(PROVIDED DATA)
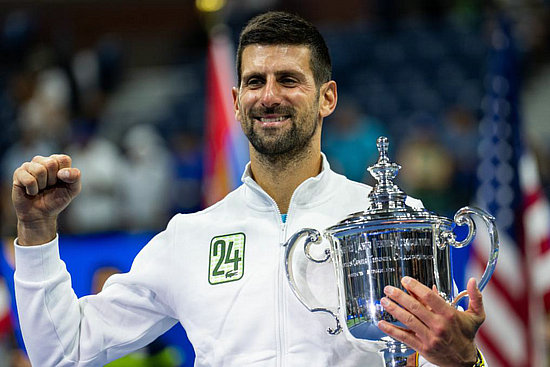 9月10日,焦科維奇在頒獎儀式上慶祝。當日,在紐約進行的2023美國網(wǎng)球公開賽男單決賽中,塞爾維亞選手焦科維奇以3:0戰(zhàn)勝俄羅斯選手梅德韋杰夫,獲得冠軍。新華社記者劉杰攝
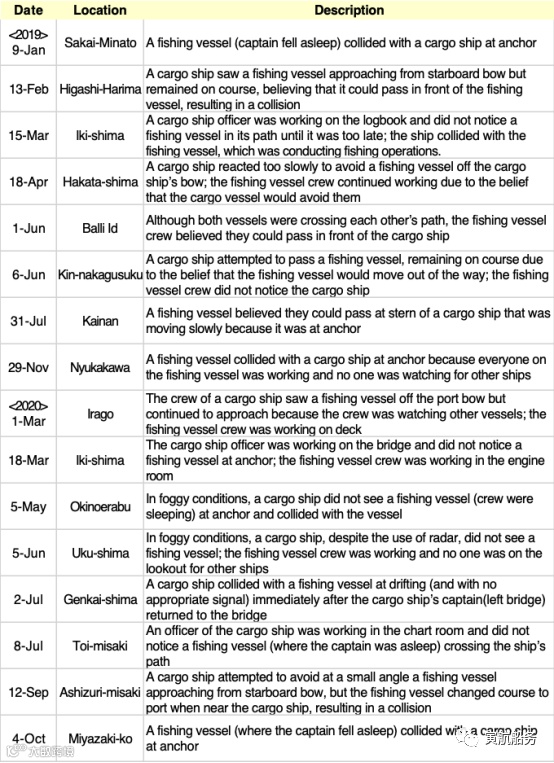 关于这一事件,UK P&I Club援引日本运输安全委员会(JTSB)的信息,分享了2019年和2020年所有货船和渔船碰撞的摘要:
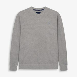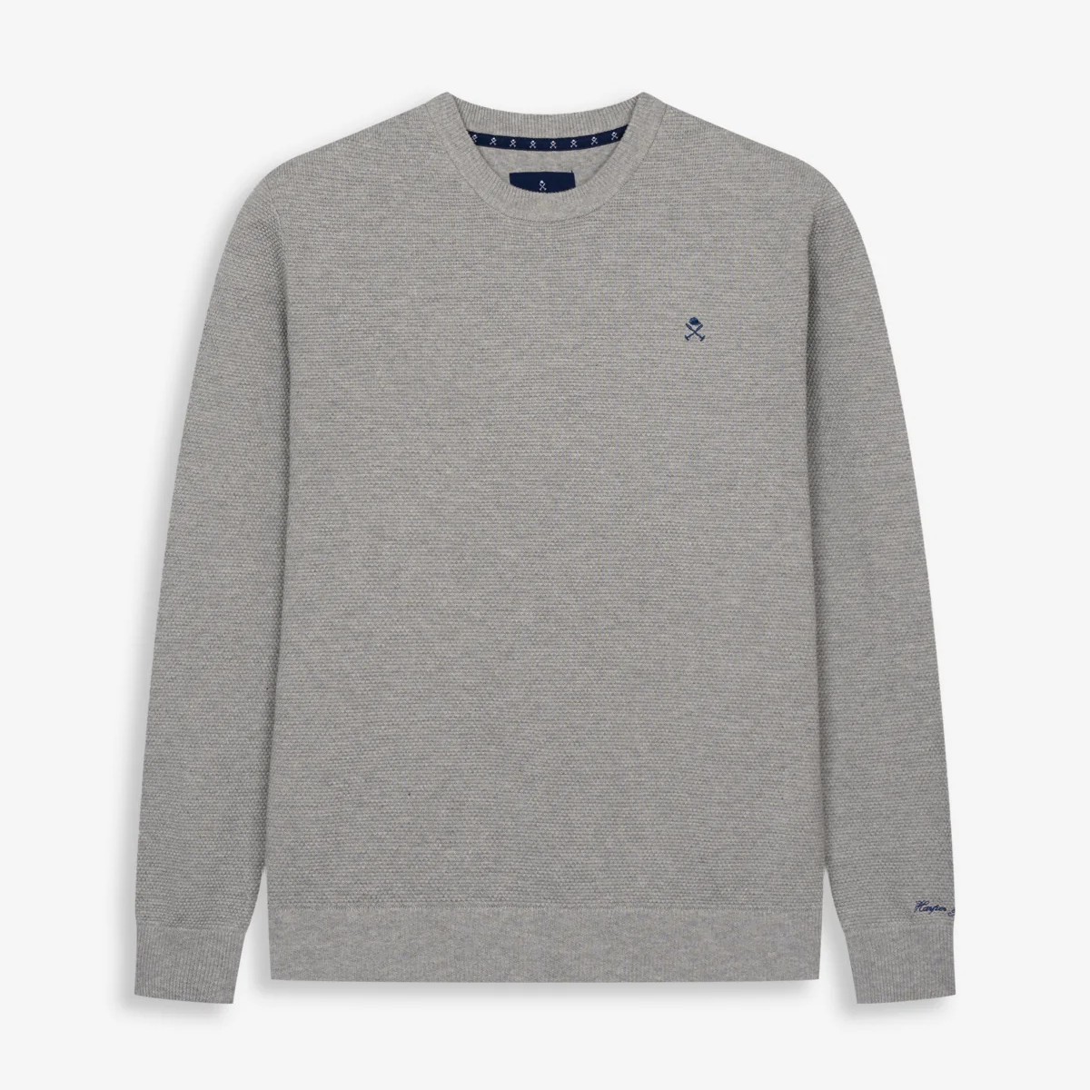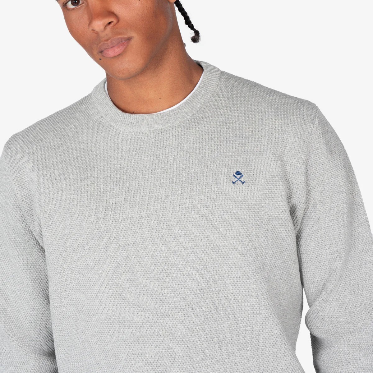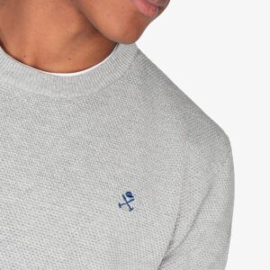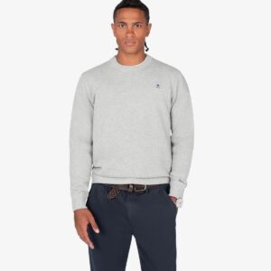 Jersey de cuello redondo confeccionado en 100% algodón con textura piqué, aportando un toque sofisticado. Cuenta con terminaciones acanaladas en cuello, puños y bajo, y el logo bordado en el pecho como detalle icónico.
(End PROVIDED DATA)
**YOUR TASK**
Every line of the data above is to be set down word for word, with the pictures left out.

**ANSWER BELOW**
 9月10日,焦科維奇在頒獎儀式上慶祝。當日,在紐約進行的2023美國網(wǎng)球公開賽男單決賽中,塞爾維亞選手焦科維奇以3:0戰(zhàn)勝俄羅斯選手梅德韋杰夫,獲得冠軍。新華社記者劉杰攝
 关于这一事件,UK P&I Club援引日本运输安全委员会(JTSB)的信息,分享了2019年和2020年所有货船和渔船碰撞的摘要:
 Jersey de cuello redondo confeccionado en 100% algodón con textura piqué, aportando un toque sofisticado. Cuenta con terminaciones acanaladas en cuello, puños y bajo, y el logo bordado en el pecho como detalle icónico.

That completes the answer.